Calgary

Atlantic Trap and Gill could close this fall, says owner

Faced with rising costs, higher minimum wage and increased taxes, another Calgary business owner is considering closing the doors.

After 18 years in business, increased costs and higher minimum wage cutting into bottom line

After 18 years in business, Atlantic Trap and Gill co-owner Tracy Johnson said increased costs and a rising minimum wage may force her to close the doors this fall. (Atlantic Trap and Gill)

Faced with rising costs, higher minimum wage and increased taxes, another Calgary business owner is considering closing the doors.

Speaking on the Calgary Eyeopener, Atlantic Trap and Gill co-owner Tracy Johnson said this summer could be the last for the popular East Coast-themed pub after 18 years in business.

"I'm taking a hiatus from my salary for the summer and we are going to see what happens," she said. 

"We're going to try and cope, we're going to talk to our landlord and come September we'll make a decision whether to close our doors."

Last month, Farm restaurant owner Janice Beaton was forced to close the popular eatery on 17th Avenue S.W.

"It just really got to the point where we just couldn't go on," Beaton told CBC News.

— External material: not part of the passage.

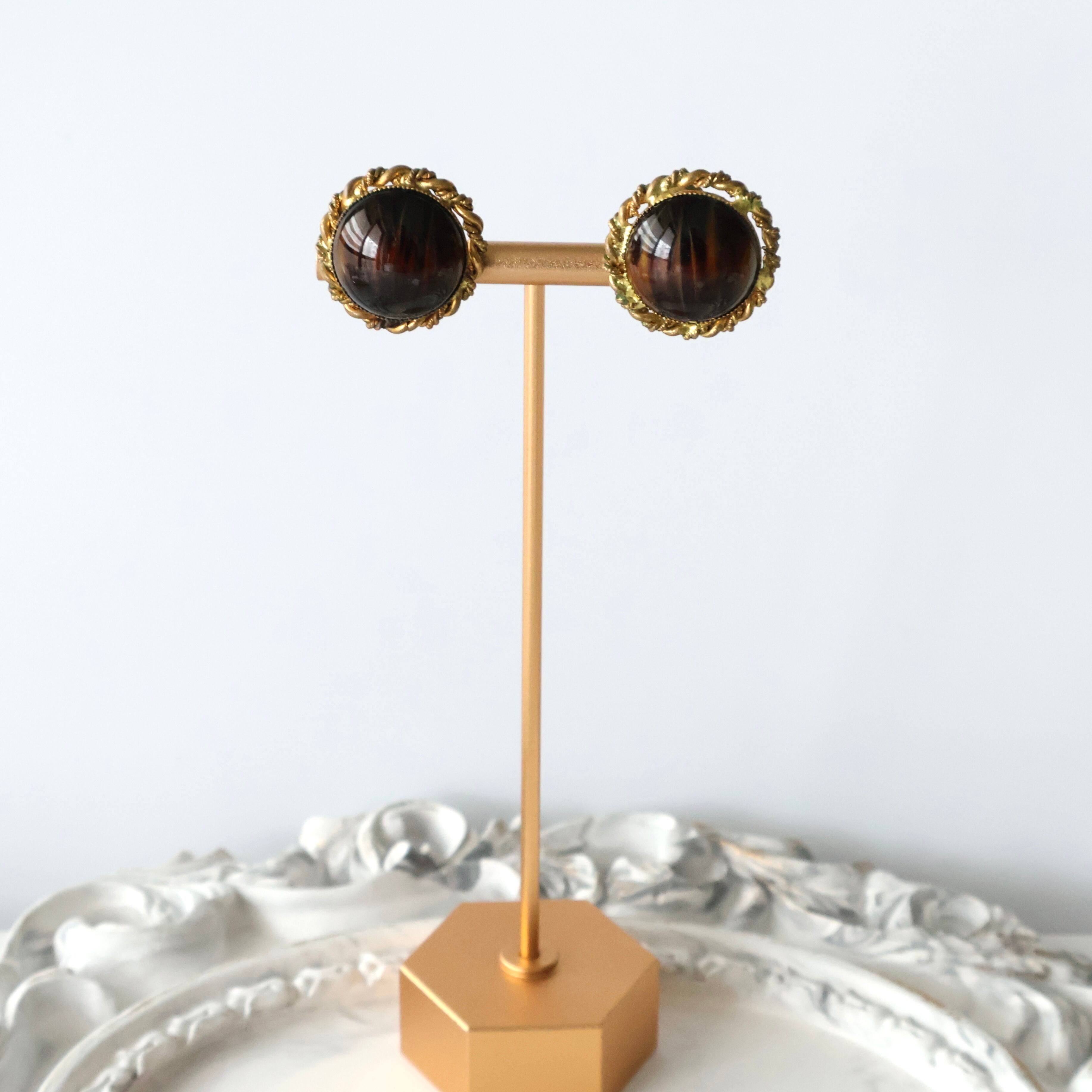 フランスのヴィンテージマーケットで見つけた、不思議な光の筋を宿したラウンドイヤリング。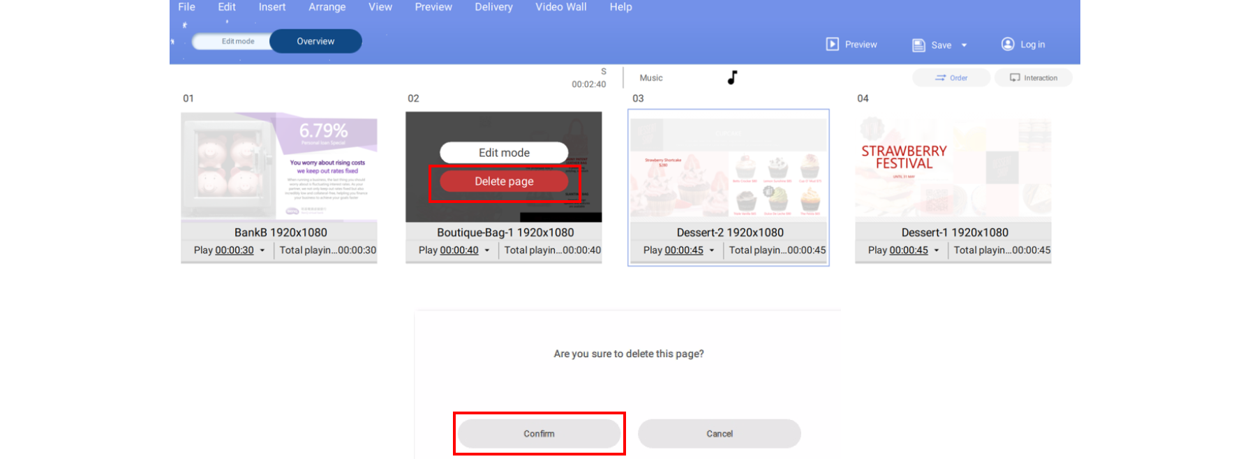 6. To delete pages, hover your cursor over the page icon and click Delete page. A warning message will appear, select Confirm to delete the page.

"We were losing money. People are not eating out as much. All of us who have experienced less sales, it's because we have less customers, let's face it. And I think people still go out, but they may do so more for special occasions or just less frequently."

Escoba Bistro and Wine Bar owner Darren Hamelin has said he is closing at the end of the month due to increased taxes and costs.

Patrons dance at the Atlantic Trap and Gill. After 18 years, its owner said she may be forced to close due to rising costs and an increasing minimum wage. (Atlantic Trap and Gill)

Higher property taxes translated into a 37 per cent increase in Johnson's rent, which coupled with a higher minimum wage could be the tipping point.

Currently sitting at $11.20 an hour — $10.70 an hour for those who serve liquor — minimum wage is set to rise to $15 by 2018.

Costs being cut

"I have taken a 50 per cent pay cut, my sister, who is a single mom of three, has taken about a 15 per cent pay cut," said Johnson.

"We figured out it's going to be another $2,500 a month if the minimum wage is increased that much, and coupled with our property taxes it's just completely unaffordable for us."

Johnson said she and her sister have taken to serving to help cut costs, while the pub's manager also works behind the bar two nights a week.

"We look for savings on everything from toilet paper to chicken wings and I think we've pretty much run out of things to save money on," she said.

Answers unsatisfactory, says owner

Johnson said she contacted both her area MLA and city councillor and didn't like what she heard back.

"My MLA basically said they have nothing to do with property taxes whatsoever," said Johnson. 

A letter to Jonhson on behalf of Calgary-Glenmore MLA Anam Kazim reads in part, "37 per cent is quite a significant hike, so if true what your landlord is saying, this is solely a municipal matter."

"I actually have no idea why the property taxes went up so much because I know our building is not worth as much money as what they're saying it is," said Johnson.

A letter on behalf of Coun. Brian Pincott points out council has asked city staff to compile a range of scenarios from the current 3.2 per cent municipal tax increase to a zero per cent increase and what the effects will be on spending, which is due June 27.

However, t​he city is in the process of phasing out its business tax by consolidating it all into the non-residential property tax.